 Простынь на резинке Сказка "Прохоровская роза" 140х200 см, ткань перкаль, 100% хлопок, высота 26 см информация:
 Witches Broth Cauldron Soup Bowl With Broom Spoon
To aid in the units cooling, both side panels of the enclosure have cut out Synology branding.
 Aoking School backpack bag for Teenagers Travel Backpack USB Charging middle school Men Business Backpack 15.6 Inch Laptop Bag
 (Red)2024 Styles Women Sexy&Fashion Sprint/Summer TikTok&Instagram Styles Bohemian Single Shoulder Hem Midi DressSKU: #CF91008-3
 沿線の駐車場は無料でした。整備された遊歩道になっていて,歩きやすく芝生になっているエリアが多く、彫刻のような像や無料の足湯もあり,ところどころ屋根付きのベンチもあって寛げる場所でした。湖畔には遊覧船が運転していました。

####################

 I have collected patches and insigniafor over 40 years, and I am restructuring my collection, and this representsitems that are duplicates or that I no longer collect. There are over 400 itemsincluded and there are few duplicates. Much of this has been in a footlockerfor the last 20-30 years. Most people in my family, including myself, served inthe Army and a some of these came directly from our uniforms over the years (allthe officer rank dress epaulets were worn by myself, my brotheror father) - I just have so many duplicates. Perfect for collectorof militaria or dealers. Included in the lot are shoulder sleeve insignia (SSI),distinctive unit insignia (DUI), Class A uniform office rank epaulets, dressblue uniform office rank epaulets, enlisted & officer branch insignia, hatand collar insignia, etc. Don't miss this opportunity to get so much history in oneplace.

####################

_Work instructions:_
Only one stretch of the data above is needed. Restate it word for word, from the line containing "Witches Broth Cauldron" through the line containing "沿線の駐車場は無料でした。整", both ends included.

_Final answer:_
 Witches Broth Cauldron Soup Bowl With Broom Spoon
To aid in the units cooling, both side panels of the enclosure have cut out Synology branding.
 Aoking School backpack bag for Teenagers Travel Backpack USB Charging middle school Men Business Backpack 15.6 Inch Laptop Bag
 (Red)2024 Styles Women Sexy&Fashion Sprint/Summer TikTok&Instagram Styles Bohemian Single Shoulder Hem Midi DressSKU: #CF91008-3
 沿線の駐車場は無料でした。整備された遊歩道になっていて,歩きやすく芝生になっているエリアが多く、彫刻のような像や無料の足湯もあり,ところどころ屋根付きのベンチもあって寛げる場所でした。湖畔には遊覧船が運転していました。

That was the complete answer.